2014年のブラジルにおけるサッカーの祭典では、プーマの革新的サッカー製品が大いに注目を集めました。8つの異なる代表チームがプーマの革新的なPWR ACTVを用いたユニフォームを着用し、画期的なエヴォパワーとエヴォスピードの最新モデルであるピンクと青の色鮮やかなサッカースパイク“トリックス”は大会全試合中72%で着用されました。この2つの革新的な製品は、人々の注目を集めると共に、多くの好意的な話題も振りまきました。

2015

リアーナがプーマのウィメンズトレーニングのグローバルアンバサダー及びプーマウィメンズクリエイティブディレクターに就任し、商品コレクションに直接関わるようになりました。また、リアーナは、プーマ代表作品のデザインやカスタマイズ、及び新たな商品ラインナップの創作も手掛けるようになりました。

イタリアサッカー連盟(FIGC)とプーマが新たな包括的パートナーシップの締結を発表し、今後10年間において、プーマがFIGCの主要パートナーを務めることになりました。また、公式サプライヤーとしてだけでなく、プーマはFIGCの販売権を拡大させると共に、FIGC製品に関わる全ての国際ライセンスを積極的に管理する独占的なマスターライセンスも保持することになりました。

スポーツカンパニーであるプーマとケリングアイウェアは、眼鏡用フレームとサングラスに関して、2016年1月から有効となるアイウェアパートナーシップ契約を締結しました。この契約締結と同時に、シャルマンとのライセンス契約は終結しました。

プーマは、商標権、特許権、デザインと共に、トレトングループを売却しました。

2016

プーマはレッドブルレーシングF1チームのサプライヤーとなり、パフォーマンスレースウェアやフットウェア、チームウェアの供給を開始しました。

フランスで開催されたUEFAユーロ2016は、プーマにとって、斬新でデザイン性の高いスポーツブランドをアピールする絶好の機会となりました。全試合の約40%でプーマ製品が用いられ、プーマがサポートする5チームは、プーマが誇るアパレルテクノロジーACTVサーモRと共に、素晴らしいパフォーマンスを見せてくれました。特徴的なカラーリングが施されたプーマトリックスを着用するフランス代表のアントワーヌ・グリーズマンは、6ゴールを挙げて見事得点王に輝き、UEFAによる大会MVPにも選出されました。
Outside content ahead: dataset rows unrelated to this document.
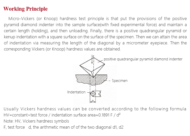 Working PrincipleMicro-Vickers (or Knoop) hardness test principle is that put the provisions of the positive pyramid diamond indenter into the sample surface(with fixed experimental force) and maintain a certain length (holding), and then unloading. Finally, there is a positive quadrangular pyramid or kenup indentation with a square surface on the surface of the specimen. Then we can attain the area of indentation via measuring the length of the diagonal by a micrometer eyepiece. Then the corresponding Vickers (or Knoop) hardness values are obtained.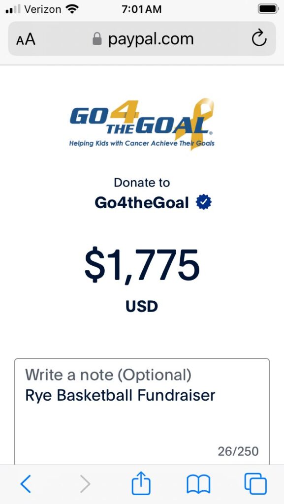 The Rye High School Boys Basketball Team is excited to announce a virtual fundraising challenge in collaboration with Playbook Raise, and we’re seeking your support! Join us on Saturday, January 13, 2024, for our annual Pediatric Cancer fundraiser game, where we’ve partnered with Go4TheGoal to raise funds for children battling cancer and future cancer research.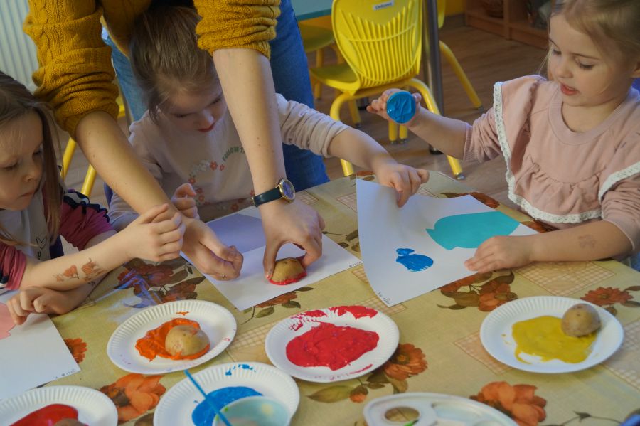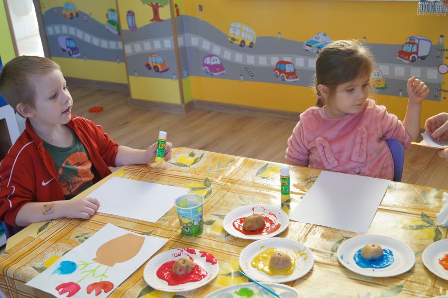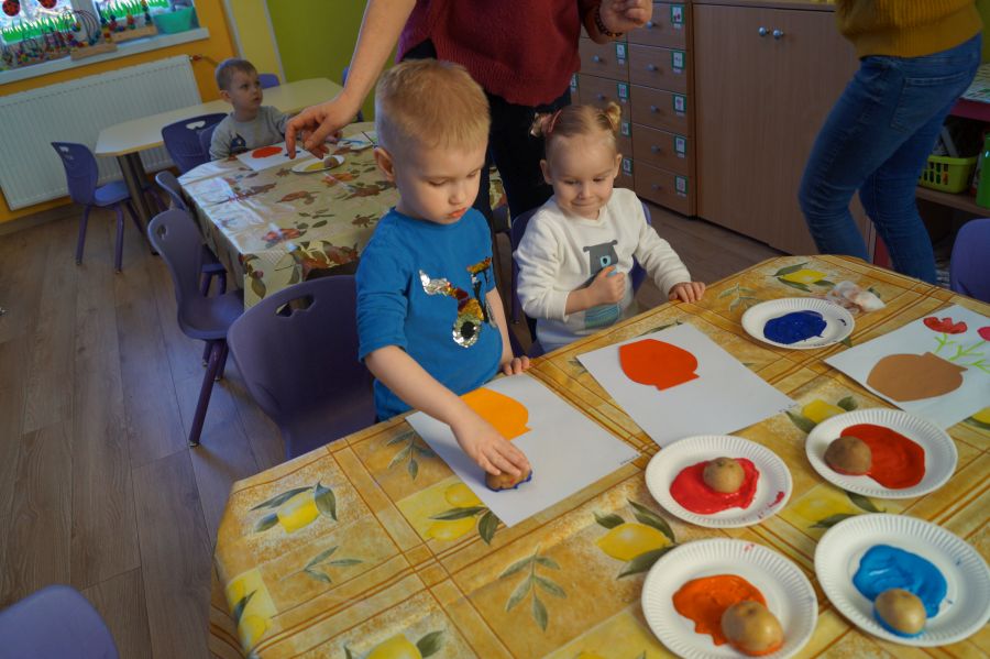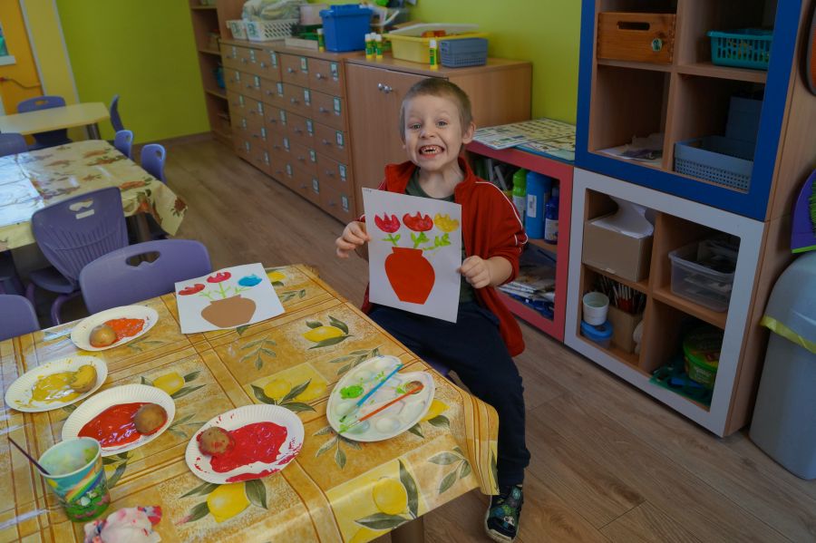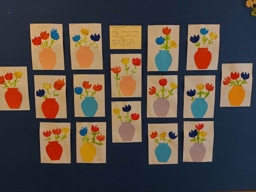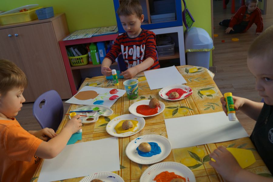 W grupie młodszej wiosenne zajęcia z arteterapii. Tym razem dzieci wykonały tulipany przy pomocy stempli z ziemniaków. Powstały naprawdę ładne prace.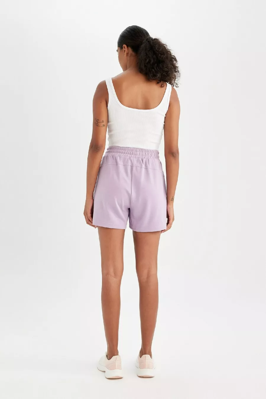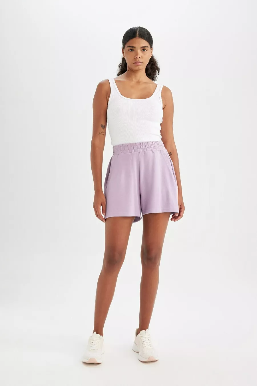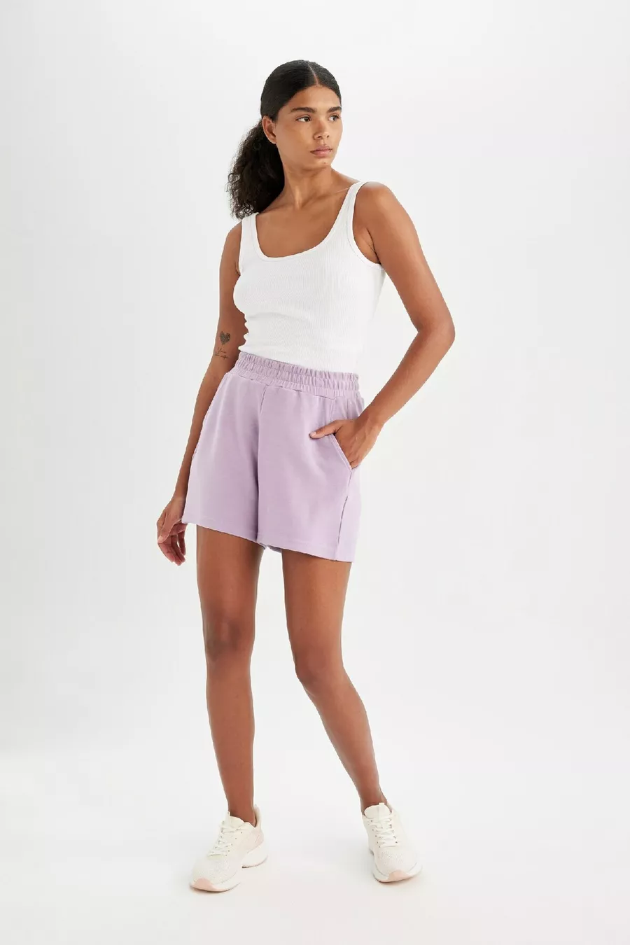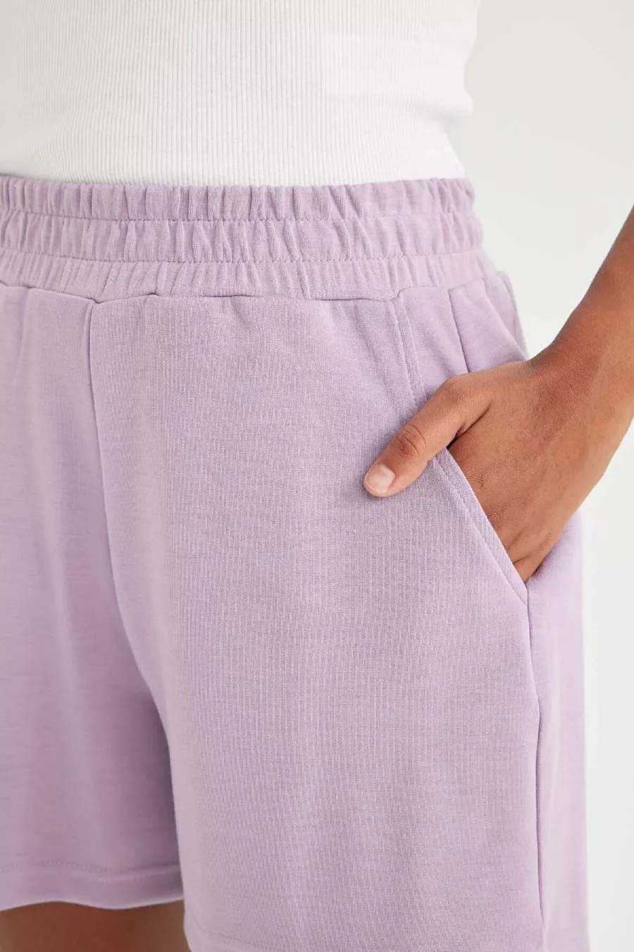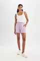 Waist: Normal Waist Additional Feature: Stretchy Pattern: Solid Length / Size: Mini Material: Polyester Blend Fabric Type: Knit Color: Purple Material Composition: 5% Elastane, 47% Modal, 48% Polyester Washing Instructions: Type 0 Length: Short Silhouette: Relaxed Collection: Sportswear Sustainability Detail: No Environment: Sportswear Country of Origin: TR Pocket: Double pocket

プーマは、バルバドス陸上競技協会(AAB)とパートナーシップを締結しました。夏に行われたスポーツの祭典で最も注目を集めた陸上選手の一人が、ジャマイカのスプリンター、ウサイン・ボルトです。ボルトは、100メートル、200メートル、及び400メートルリレーの3種目で3連覇を果たして見事“トリプルトリプル”を達成し、自己が持つ国際陸上競技連盟(IAAF)の金メダル総獲得数の記録を11個に伸ばしました。メダル獲得数で2位となったジャマイカ代表チームの素晴らしいパフォーマンス、そしてバハマ、キューバ、グレナダ、ケイマン諸島、スイス、ドミニカ共和国を含めたプーマチームの活躍は、大会を通してプーマブランドの存在感を存分に高めてくれました。